I woke up at 8 am on Tuesday. Mrs Maroncha had already prepared breakfast and so I took it, took a shower and dressed. This was the day of the funeral. My grandma could not come along because one of my aunts was feeling unwell, and so I left alone. Along the way I met an elderly neighbor, who was also going to the funeral. He is my uncle by the way. See, his father was married to the daughter of the man who happened to be the cousin of the woman who was married to the brother in law of my great grandfather’s eldest wife. We were late, and so we followed the funeral convoy by public means. It happens that the funeral was taking place some distance off the road, and so we had to walk for a while.
As we walked, my uncle told me about his first love, which was long before he got married. She was Somali, tall and light skinned. And she loved him with passion, at least according to him.
“Si unajua vile wanawake hupenda mtu?” he asked casually. Apparently men in his generation have never heard of the word friendzone. And I suspected that if I told him that there is a deeper zone called the familyzone, he would have stared at me in horror like I was the first serious fool he has ever seen. Not wanting to lower my status in the old man’s eyes, I nodded wisely:
“Sasa mimi nilifikiria kumuoa. Lakini nikaona ataniitia hao mashifta wa kwao siku moja wanikujie huku Meru na wanifanye makosa. Unajua hiyo wakati nilikuwa nafanya kazi huko Moyale. Lakini nikaona siwezi nikamwacha hivyo kwa sababu alikuwa ananisaidia kwa njia mingi. Nikamtafutia kazi kwa prison. Unajua hata ukifanya usherati, unaweza ukapunguziwa adhabu na Mungu ukitendea huyo msichana mazuri. Lakini ukimuacha tu hivyo utafuatwa na laana,” he said, feeling very proud of himself.
Then he gave me a sermon about God’s forgiveness and punishment until we got to the burial. At the burial, I met many of my relatives who I had no idea existed. My dad introduced me to many cousins, uncles and aunties. I was also surprised to learn that I am related to some of my primary school and high school mates. So when I went back to my grandma’s that evening, I had a simple question:
“Mrs Maroncha, up to which degree of kinship am I prohibited by custom to marry?”
She looked at me with kind eyes that suggested that this was the silliest question she had ever heard in her 80 years’ existence on the planet.
“You can’t marry your relatives,” she said simply.

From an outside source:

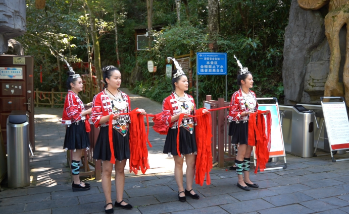 曲幽谷入口的“苗家姑娘拦门”仪式 鄢子棋摄

Wait, what? From what I saw at the burial, that probably means I can’t marry anyone from the Mwimbi, Igoji, Imenti, Muthambi and Chuka subtribes of the Meru tribe. That leaves only Igembe, Tigania, and Tharaka, who I should also probably avoid as a precautionary measure. Because there is my mother’s side to consider as well. And I can’t even marry a Somali because my uncle sowed some wild oats there. I am done. I am getting me an Indian. A darkish Indian girl with long silky hair. Surely, my ancestors’ tentacles could not possibly have reached New Delhi, could they? Or maybe I should move further East to Singapore, just in case one of my ancestors was captured by Arabs and taken to Bombay in a dhow. Plus I think it’s in Singapore where there are the dark “Indians”, no? And I am absolutely sure my ancestors had no idea where Singapore is.